**Raw data:**
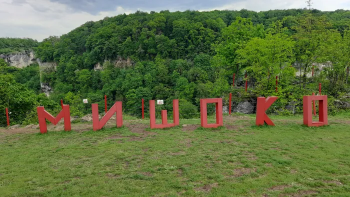 Экстрим-парк «Мишоко» находится на южной окраине села Каменномостский. Чтобы сюда доехать, нужно с улицы Мира или трассы А-159 свернуть на Железнодорожную улицу и проехать до перекрёстка с улицей Зелёная и свернуть на неё. Ориентиром в этом месте будет трансформаторная электрическая будка. Доехав до конца улицы Зелёная, нужно продолжить движение по улице Лесная в том же направлении, сделав небольшой зигзаг вправо. За селом останется проехать ещё метров 300. В конце страницы представлена карта проезда к парку. Парк называется Мишоко, потому что располагается на краю ущелья с таким же названием. К тому же по дну ущелья протекает река Мишоко. Со стороны обрыва территория парка огорожена тросами, заходить за которые вы сами не захотите — обрыв около 100 метров. Рельеф ущелья Мишоко и сподвигнул организаторов сделать это место парком экстремальных развлечений. Сами мы развлекаться не собирались. Мы приехали сюда только лишь за тем, чтобы посетить это место как достопримечательность. Визжащи
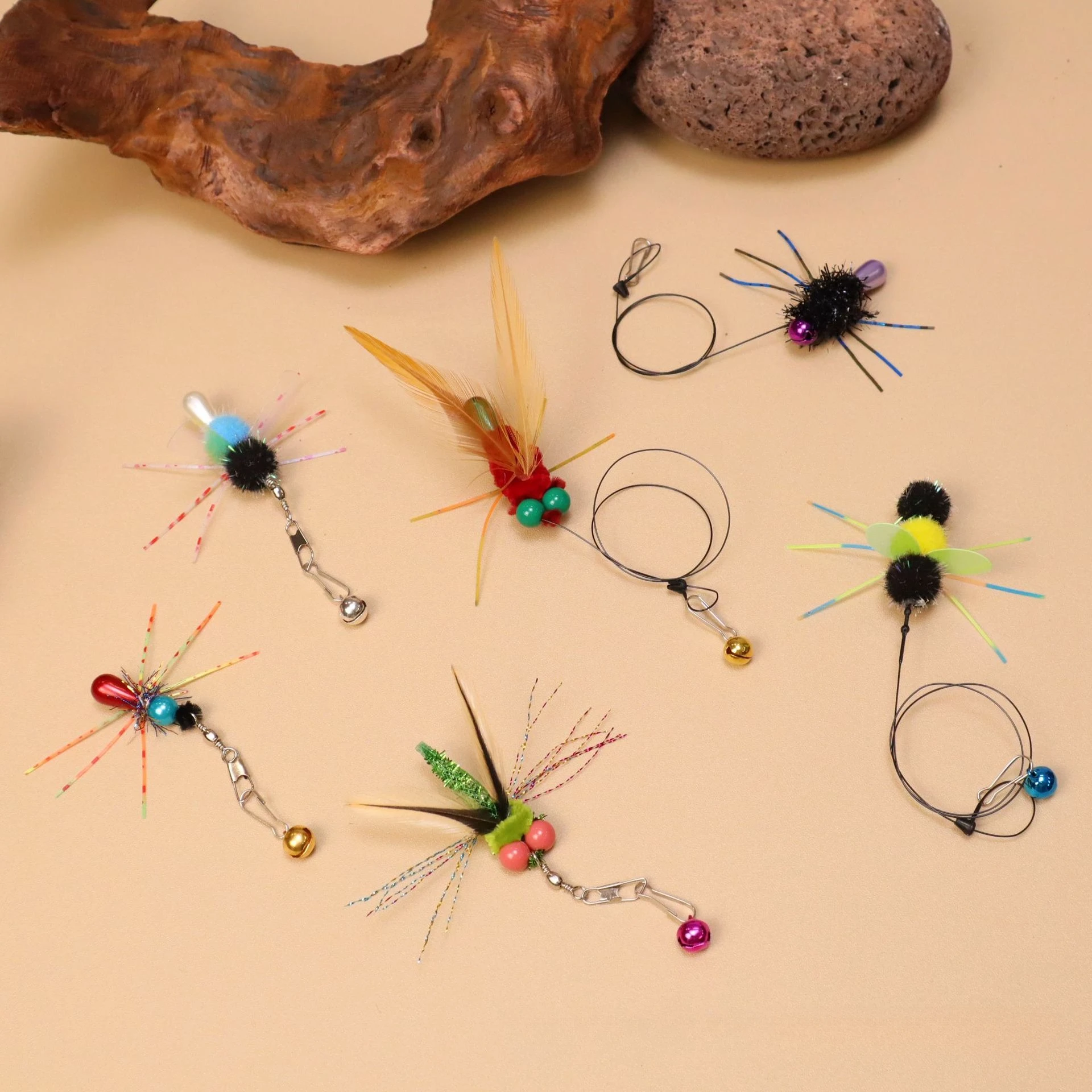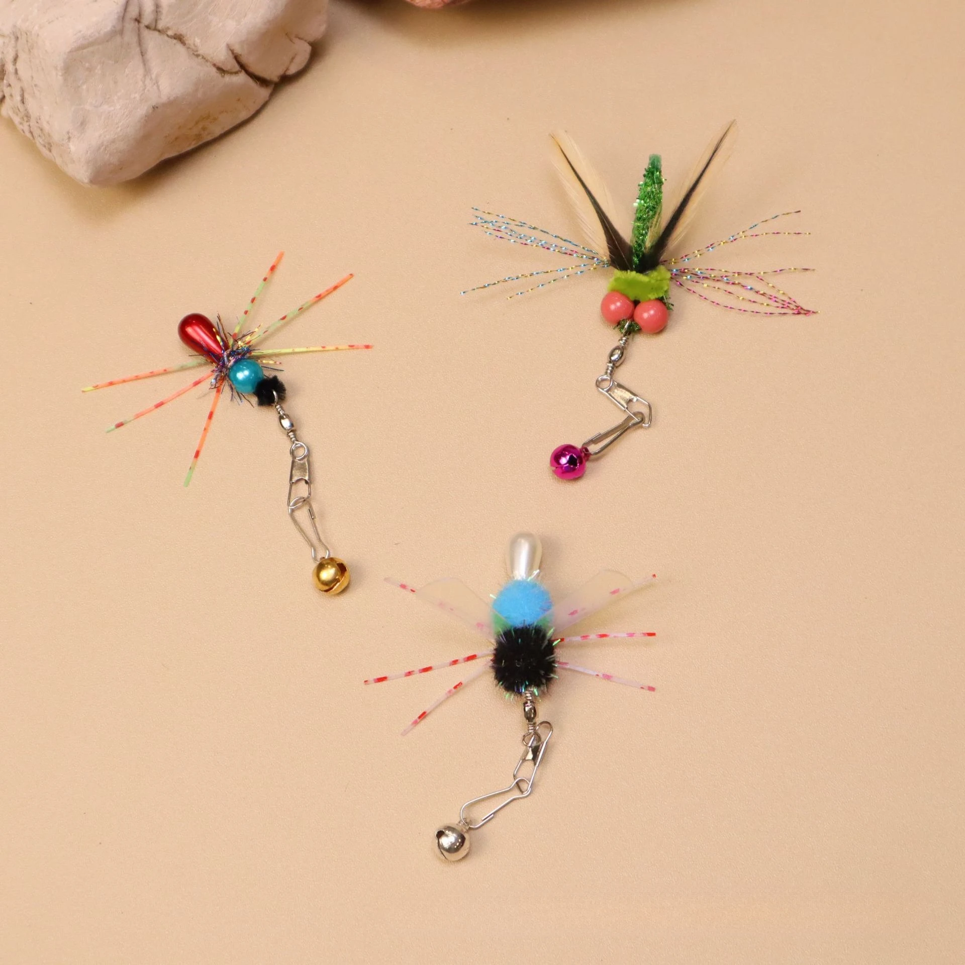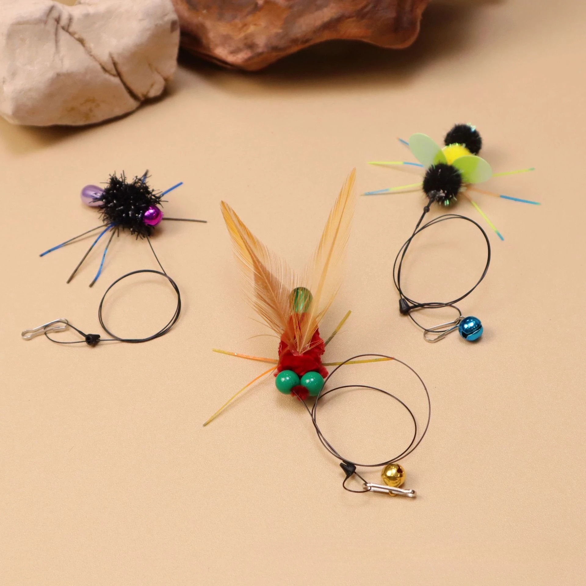 3 uds simulación colorida insecto gato Teaser palo cabezas pluma abeja libélula mascota juguete
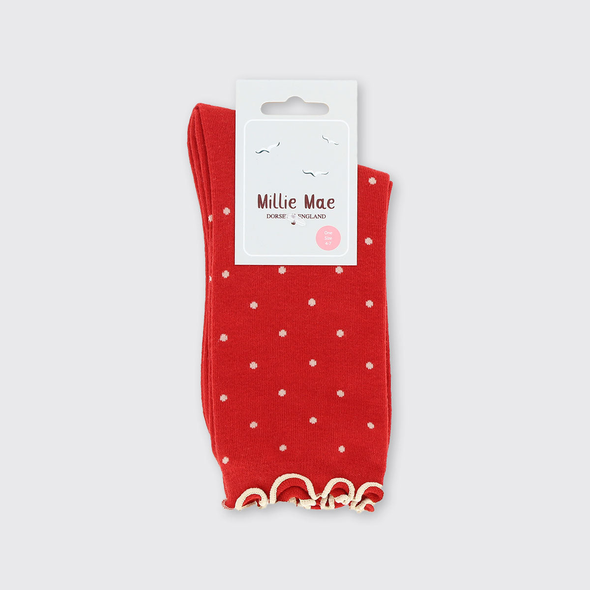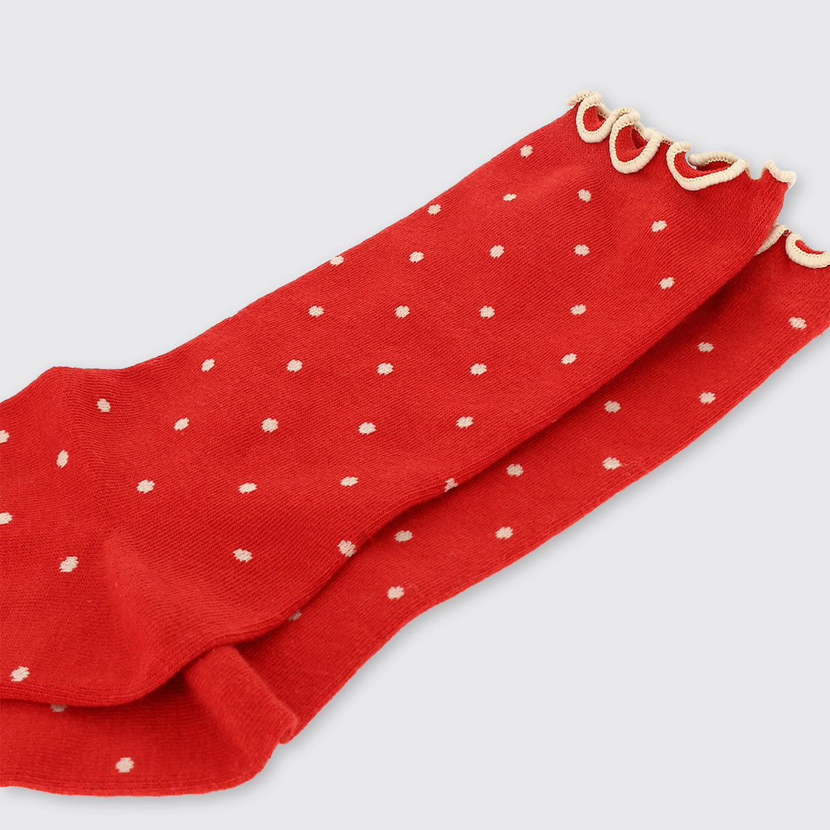 Our range of small spot socks are full of colour! Super comfy and finished with a contrast ruffle top.

**Task brief:**
Begin with the line holding "3 uds simulación" and end with the last line of the listing. Reproduce each of those lines exactly, and leave every picture out.

**Exercise solution:**
 3 uds simulación colorida insecto gato Teaser palo cabezas pluma abeja libélula mascota juguete
 Our range of small spot socks are full of colour! Super comfy and finished with a contrast ruffle top.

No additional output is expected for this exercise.